Thin Soup and a Thin Story

A firm called is getting a lot of airplay for their bid to create a carbon offset product based on fertilizing the ocean. In certain parts of the ocean, surface waters already contain most of the ingredients for a plankton bloom; all they lack is trace amounts of iron. For each 1 atom of iron added in such a place, phytoplankton take up 50,000 atoms of carbon. What could be better?

Phytoplankton biomass does not last forever, any more than tree biomass does. The trick therefore is to get the carbon to sink out of the surface ocean into the depths, generally in the forms of snot and poop. Once it reaches a depth of a kilometer or so, it can decompose to CO2 again but the water will be isolated from the atmosphere for decades, maybe centuries.

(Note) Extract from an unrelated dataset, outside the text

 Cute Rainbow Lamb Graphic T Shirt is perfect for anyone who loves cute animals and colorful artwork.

There have been iron fertilization experiments of the ocean before, many of them, in the equatorial Pacific, the Southern Ocean, and the North Pacific. These are places where the ocean chemistry is right for iron fertilization, that is, where there is available nitrogen as nitrate or ammonia, and phosphorus. The experiments uniformly find that phytoplankton growth is stimulated by iron. But most studies have not found an increase in the rate of organic carbon sinking into deeper waters.

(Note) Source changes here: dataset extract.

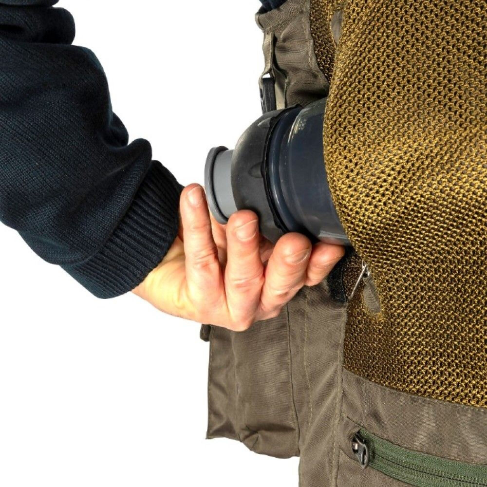 Vesta, která určuje směr vývoje. Vyrobeno z otěru odolného polyesteru, který má navíc PU vrstvu, která dělá vestu voděodolnou, rychle schnoucí a větru odolnou. Vesta obsahuje četné množství kapes pro ukládání muškařských krabiček, muškařských doplňků a ostatního materiálu. Zádová část obsahuje D kroužek pro zavěšení podběráku. Další zajímavou vychytávkou je odnímatelný zádový panel. Tímto jsme schopni reagovat na výkyvy počasí a teplotní rozdíly. Nechybí ani vnitřní kapsy. Kvalita, funkcionalita a styl, to jsou hlavní prvky této vesty, které je potřeba vyzdvihnout.

If could be, however, that a sustained fertilization will allow the snivelers and the poopers time to get their acts in gear and start exporting carbon more efficiently. This was the conclusion of a recent analysis of natural iron fertilization by the Kerguelen Plateau in the Southern Ocean (Blain et al, 2007). Previous iron fertilization experiments were generally single-pulse additions of iron dissolved in acid. The iron lasted a few days before sinking out on particles or mixing down. If iron were released into the ocean in the form of floating time-dissolving pellets, the steady stream of iron would probably be a more effective fertilizer than the single dumps were.

Once the CO2 concentration of the upper ocean is depleted by growth and sinking of phytoplankton, the timescale for gas exchange with the atmosphere is about a year for a one-hundred meter ocean mixed layer, typical of the tropics. Tropical surface waters, one could argue, will still be at the surface a year from now, so there is plenty of time for them to replenish their CO2 concentration by sucking it out of the atmosphere.

The problem with the tropics is that if tropical surface waters are destined to remain at the surface for a while, they are also probably destined to ultimately scrounge the iron they need, to use the available nitrogen and phosphorus. The water might duck into the thermocline for a few decades, but it will ultimately resurface and be subject again to photosynthetic plankton and iron fertilization from falling dust. Marinov et al (2006) showed that a stimulation of phytoplankton production in one part of the ocean usually acts to depress production elsewhere. So what’s the point of paying for a carbon offset to fertilize a water parcel now, when nature would fertilize it soon anyway? That’s against the rules of offsets; it has to be something that wouldn’t happen anyway.

The one part of the ocean where fertilization of the ocean does not depress the fertility elsewhere is the deep Southern Ocean. Here the water sinks to the abyss, rather than taking a leisurely tour through the upper ocean. But now the practical picture looks different. Instead of the benign tropics, you have sea ice, waters mixed to hundreds of meters down (bad for phytoplankton) and total darkness for much of the year. Fertilize that!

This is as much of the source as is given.